Pandas

  • pandas is a Python library for data processing and analysis. Pandas provides a great range of methods to modify and operate on data; in particular, it allows queries and joins of tables.
  • In pandas, you can use various types (for example, integers, dates, floating-point numbers, and strings) in a single table.
  • Another valuable tool provided by pandas is its ability to ingest from a great variety of file formats and databases, like SQL, Excel files, JSON, and comma-separated values (CSV) files.

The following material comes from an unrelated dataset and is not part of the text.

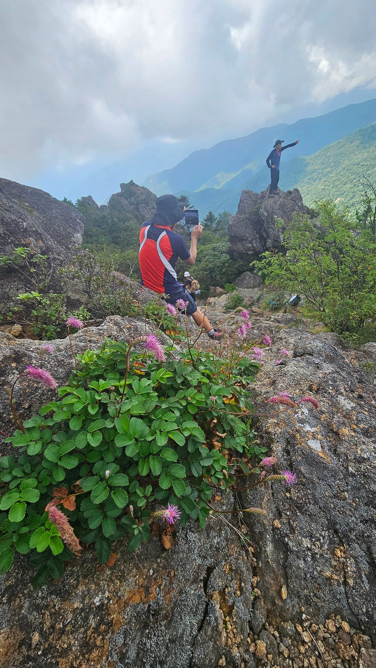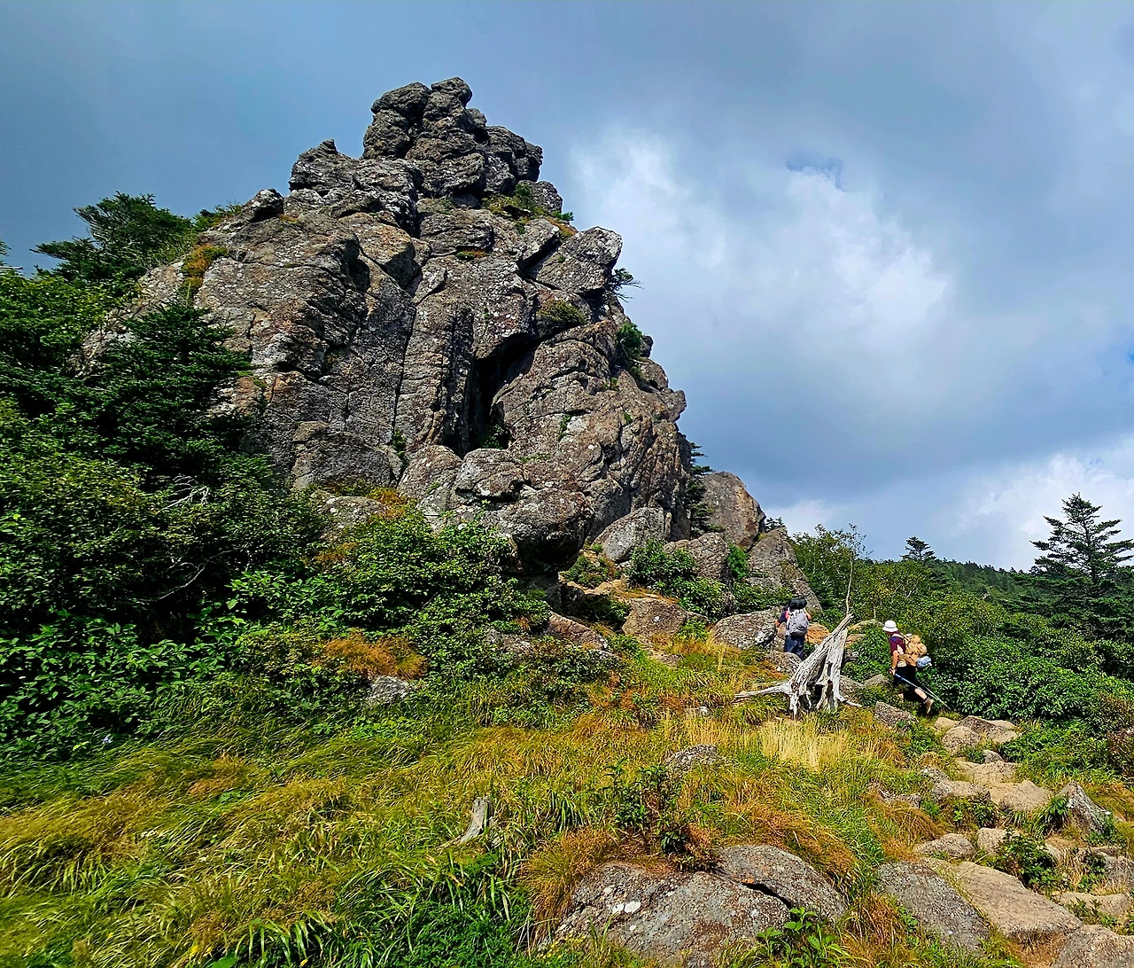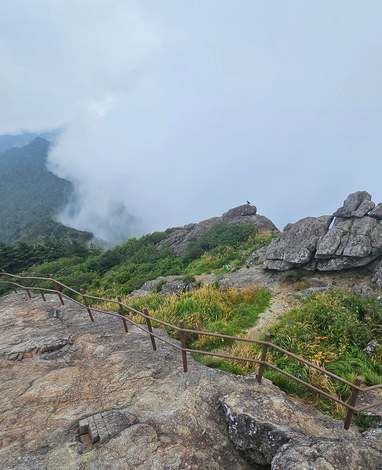 나무계단 길을 통해 뿔처럼 생긴 암봉을 휘돌아 거대한 바위들이 우뚝 우뚝 어우러져 여러 봉우리를 이루고 있는 정상부로 올라섰다. 멀리 지나온 능선에는 안개구름이 산줄기를 타고 넘으며 뭉게구름을 하늘로 피워 올리고 있고, 앞쪽 능선은 호시탐탐 넘보는 구름을 막아서서 서로 힘겨루기를 하고 있다.

  • It is built around a data structure called the Series and DataFrame.

loading the library

  import pandas as pd

Basic

Making a Series

  • basic

    import pandas as pd
    sales = ["David", "Bob", "Josh"]
    series = pd.Series(data=sales)
    print(series)
    
  • You can set the column name if you like.

    import pandas as pd
    sales  = ["David", "Bob", "Josh"]
    column = "Members"
    series = pd.Series(data=sales, name=column)
    print(series)
    

Making a DataFrame

  • DataFrame is more useful than Series, so it is more often used.
  • DataFrame assembles Series, so you can think like the Series is a vector and DataFrame is a matrix.
    import pandas as pd
    sales = [["P001", "Windows", 85000],
            ["P002", "Mac", 120000],
            ["P003", "Windows", 200000],
            ["P004", "Mac", 130000]]
    columns = ["Product ID", "OS", "Price"]
    df = pd.DataFrame(data=sales, columns=columns)
    print(df)
    

Statictics

  • Using simple functions
    df["Price"].min()
    df["Price"].max()
    df["Price"].mean()
    

Sort

  • ascending: from low value to high value
  • descending: from high value to low value
    df = df.sort_values(by="Price")  # ascending
    df = df.sort_values(by="Price", ascending=False)  # descending
    
print(df.head())

Filtering: taking subgroup

df_win = df[df["OS"]=="Windows"]
df_mac = df[df["OS"]=="Mac"]

df_new = df[(df["Price"] > 100000) & (df["OS"]=="Mac")]  # multiple condition

Importing from CSV (comma separated file) file

import pandas as pd
df = pd.read_csv("sample.csv")
print(df.head())

Exercise

  • Suppose you have sales data in a CSV file (sales_data.csv) containing a column named "Sales".
  • Load this data into a Pandas DataFrame and see the DataFrame with df.head() function.
  • Calculate the total, average, max, min sales with .sum(), mean(), max(), and min() functions. answer

Some important commands

  • Let's analye the following DataFrame again.

    import pandas as pd
    sales = [["P001", "Windows", 85000],
            ["P002", "Mac", 120000],
            ["P003", "Windows", 200000],
            ["P004", "Mac", 130000]]
    columns = ["Product ID", "OS", "Price"]
    df = pd.DataFrame(data=sales, columns=columns)
    print(df)
    
  • Here are examples showcasing basic usages of Pandas:

Access specific rows using iloc (by index)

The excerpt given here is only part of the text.